Let's play with 236 exp(x) implementation. This work is the code of my exponential paper, how make an exponential faster than vendor exp(x). All details are in this paper. The idea is to perform factorization for the polynomial evaluation of the exp(x) function. For each factor choose a method evaluation and bench. As processors are out of order, you never know what will be the results, surprise!
At least it works on X86, I did not tested since a long time on Power because I do not have any machine available.
Minimum Recquirements:
- GCC > 4.9 (primary compiler because inlining is better)
- Intel Compiler (to compare to vendor implementation)
- Power/X86 system
- linux system
- cmake > 2.9
- machine that understand x86/ppc ASM and the inline GCC mode
Arborescence:
poly -- bench (contains the benchmarks for latency/throughtput/ulp + header for the timer library)
-- latency (latency benchmark)
-- throughtput (throughtput benchmark)
-- lib (contains implementation of exp, scalar/vector version)
-- exp
-- scalar (implementation of the exp scalar version)
-- vector (implementation of the exp vector version)
-- poly
-- scalar (implementation of the polynomial evaluation scalar version)
-- vector (implementation of the polynomial evaluation vector version)
-- tool
-- scalar(implementation of 2^k and the branching part for the scalar version)
-- vector(implementation of 2^k and the branching part for the vector version)
-- ulp (ulp benchmark)
-- cyme (DSL for the vectorial version)
-- dot (contains ASM - DAG graphiz format/ATT)
-- llc (tiny library to measure the throughput, read hardware counter)

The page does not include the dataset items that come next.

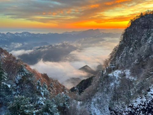 陕西天竺山素有“秦岭奇观”之称,深秋时节,似火燃烧的黄栌、艳若丹霞的枫香与金黄桦树等将千米山峦织就成流动的油画,红、黄、橙、绿层次分明;沿着道路前行,脚下云海翻涌,身旁红叶簇拥,登顶远眺,层林尽染的群山如波浪起伏,清晨薄雾、傍晚夕阳、雨后初霁时的红叶各有风情,11月举办的红叶节更是吸引众多游客前来。
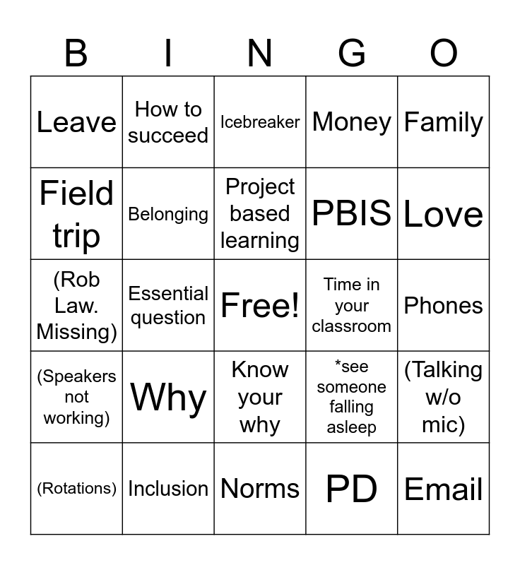 This bingo card has a free space and 24 words: Why, Inclusion, Project based learning, (Rotations), Family, Leave, Field trip, How to succeed, Time in your classroom, Know your why, PBIS, (Rob Law. Missing), *see someone falling asleep, (Talking w/o mic), Belonging, PD, Phones, Icebreaker, Love, Essential question, Email, (Speakers not working), Money and Norms.
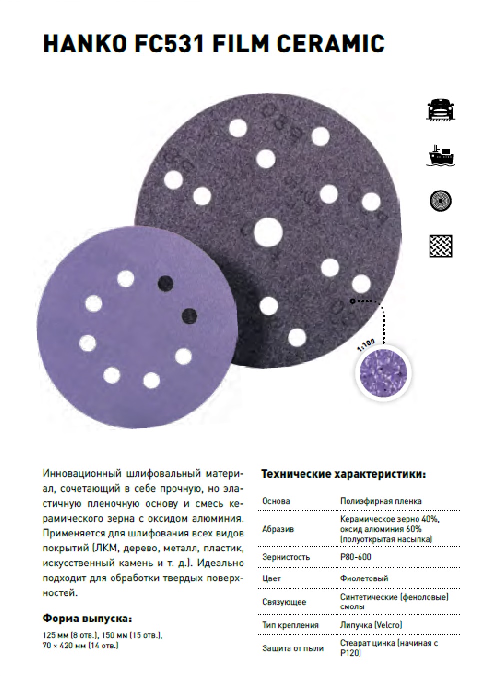 Круг шлифовальный Film Ceramic FC531 (125 мм; 8 отв.; Р220; 100 шт) Hanko FC531.125.8.0220 сочетающий в себе прочную, но эластичную пленочную основу и смесь керамического зерна с оксидом алюминия. Применяется для шлифования всех видов покрытий (ЛКМ, дерево, металл, пластик, искусственный камень и т.д.). Идеально подходит для обработки твердых поверхностей.
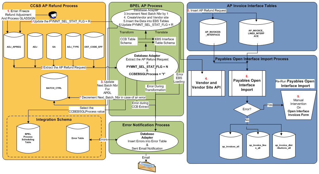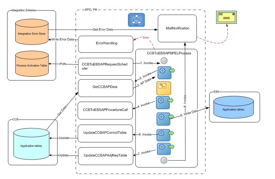 CCBToEBSAPBPELProcess | Main process of the AP Integration. Gets the AP Data from Oracle Utilities Customer Care and Billing and inserts into Oracle E-Business Suite. |
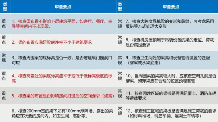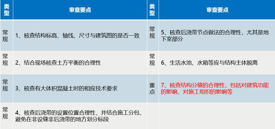 而且中海很会利用以往的项目数据进行总结反思,如下图中,常规的审查项是为保证施工图质量所作的基本审查项目。而重点审查是结合以往项目经验易出现问题项目,或一旦出现问题会引起严重后果的项目。
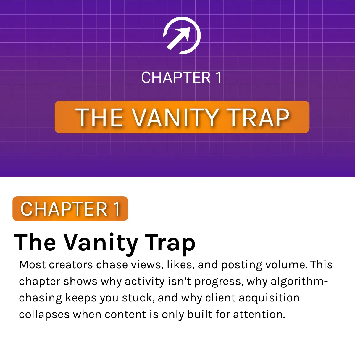 Why likes, views, and followers create the illusion of progress while your business stays stuck. This chapter breaks down why activity is not the same as results, and how chasing the algorithm quietly kills client acquisition.

-- poly (contains the program that generate all variations of the exp implementation for poly/lib directory)
Compilation
mkdir b
cd b
cmake ..
make // can be long > 3000 files to compile
Modification
ccmake .
POLY_CYME buidl the vectorial version using cyme DSL (ON DEFAULT)
POLY_BENCH build the benchmark throughput/ulp/latency (ON DEFAULT)

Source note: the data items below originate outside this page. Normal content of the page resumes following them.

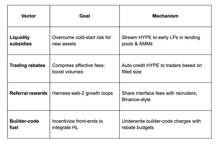 HUSD 在推动「Builder Code」商业模式的爆发中起着关键作用。Builder Code 是 Hyperliquid 的原生功能,允许一个界面运营者(interface operator)在代表用户提交的现货或合约交易中收取一定费用。它的目标是为 Hyperliquid 的「最后一公里分发」提供变现方式——也就是说,任何能有效吸引并留住用户的人,都可以通过 Builder Code 建立起一个不受技术或流动性限制的交易业务。
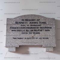After 18th November 1936. St Cuby's Church, Duloe [Map]. Memorial to Bennett John Toms, Churchwarden, died at sea.
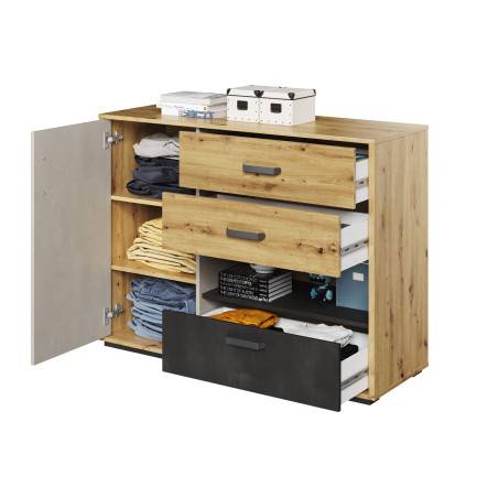 Au cœur de l'espace vibrant d'une chambre adolescente, la Commode devient une œuvre d'art fonctionnelle. Parée d'une fusion de teintes chêne, gris graphite et gris clair, elle incarne une élégance contemporaine, apportant une touche raffinée à l'environnement. La porte unique, discrètement intégrée, cache un espace mystérieux, tandis que les trois tiroirs offrent une organisation ingénieuse pour les trésors personnels. Chaque poignée devient une invitation à explorer, révélant l'harmonie entre la forme et la fonction.

POLY_TEST build the test (ON DEFAULT)
CMAKE_BUILD_TYPE DEBUG (default) / RELEASE (mandatory for the perf)
Run (all)
run.sh b exp > out // b for the build directory and exp for the results
Run (by hand)
All numbers are fictives
Latency
./b/bench/latency/scalar_vector_latency_ed10 poly // run ed10 for the polynomial scalar and vector version
./b/bench/latency/scalar_vector_latency_ed10 exp // run ed10 for the polynomial scalar and vector version
./b/bench/latency/scalar_vector_latency_ed10 tool // run the 2^k and the boundary
[ewart@super_machine b]$ ./b/bench/latency/scalar_vector_latency_ed10 poly
scalar::poly 35.0671
vector::poly 30.2791
[ewart@super_machine b]$ ./b/bench/latency/scalar_vector_latency_ed10 exp
scalar::exp 75.0317
vector::exp 61.4446
[ewart@super_machine b]$ ./b/bench/latency/scalar_vector_latency_ed10 tool
scalar::twok 36.006
scalar::boundary 26.0249
vector::twok 31.0046 // 2^k
vector::boundary 20.96371 // the boundary condition
[ewart@super_machine b]$ ./b/bench/latency/scalar_vector_latency_ed10 vendor
imf 76.9489 // scalar version of intel
svml4d 75.166 //vec version of intel
ULP
./b/bench/ulp/exp/exp_scalar_ulp_ed10
3 // the ulp is 3 compare to std::exp (IEEE std)
Throughput
./bench/throughput/exp/exp_scalar_throughput_ed10
4.63
to postprocess (all)
perl pp_exp.pl out > out.hmtl
For the story: The directory poly/lib/scalar and poly/lib/vector contain the implementation of every exp(x). The generation of all theses files is performed with main.cpp of the lib directory.
If your machine is super experimental you may switch off (POLY_CYME,POLY_BENCH,POLY_TEST). Then you will a get a library for every implementation of the exp, free to you to work a simple benchmark with it.